Consider the sequence, $f_n(x)= \begin{cases} (2x)^n & 0 \leq x\leq \frac{1}{2} \\ 1 & \frac{1}{2} \leq x \leq 1\\ \end{cases}$
Then we need to show that $\{ f_n\}$ is Cauchy in the following metric: $d_p = ||f-g||_p= (\int_a^b |f(x) - g(x)|^pdx)^{\frac{1}{p}}$
My attempt:
Without loss of generality we assume that $m > n$. Thus we consider the integral part of $d_p$ and attempt to bound this by $\epsilon$.
$\int_{0}^{\frac{1}{2}} |(2x)^n-(2x)^m|^p dx$ ; at this point I am not sure where to go?

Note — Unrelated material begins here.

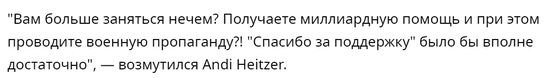 “您是没事干了吗?你们获得十亿援助的同时,还在进行军事宣传?!只需要说声‘谢谢支持’就足够了。”
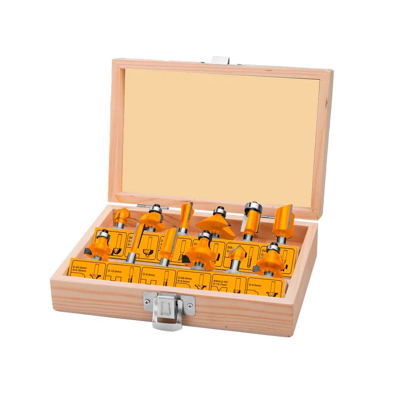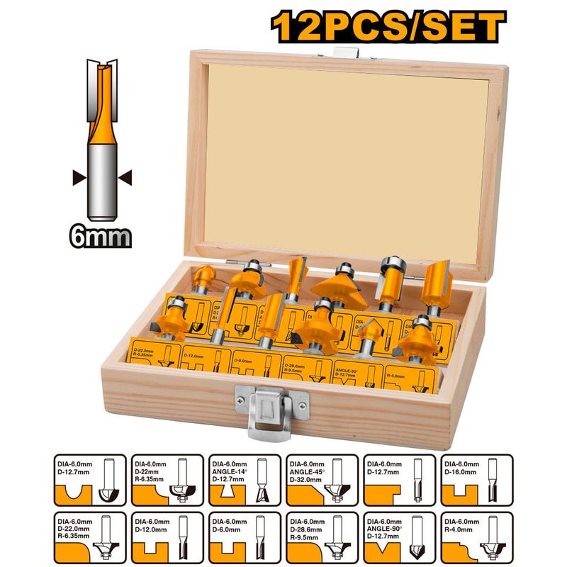 Jogo de Fresas para Tupia 6mm INGCO - Kit Profissional com 12 Peças

Observe that $f_n \to f = \begin{cases} 0 , & x \in (0,\frac{1}{2}) \\ 1 , & x \in (\frac{1}{2},1) \end{cases}$ in $L^p(0,1)$ because $$\|f_n -f\|^p_p= 2^{np} \int^{1/2}_0 x^{np}\,dx = 2^{np} \cdot \frac{(\frac{1}{2})^{np+1}}{np+1} = \frac{2^{-1}}{np+1} \to 0$$ Since the sequence is convergent, it must also be Cauchy.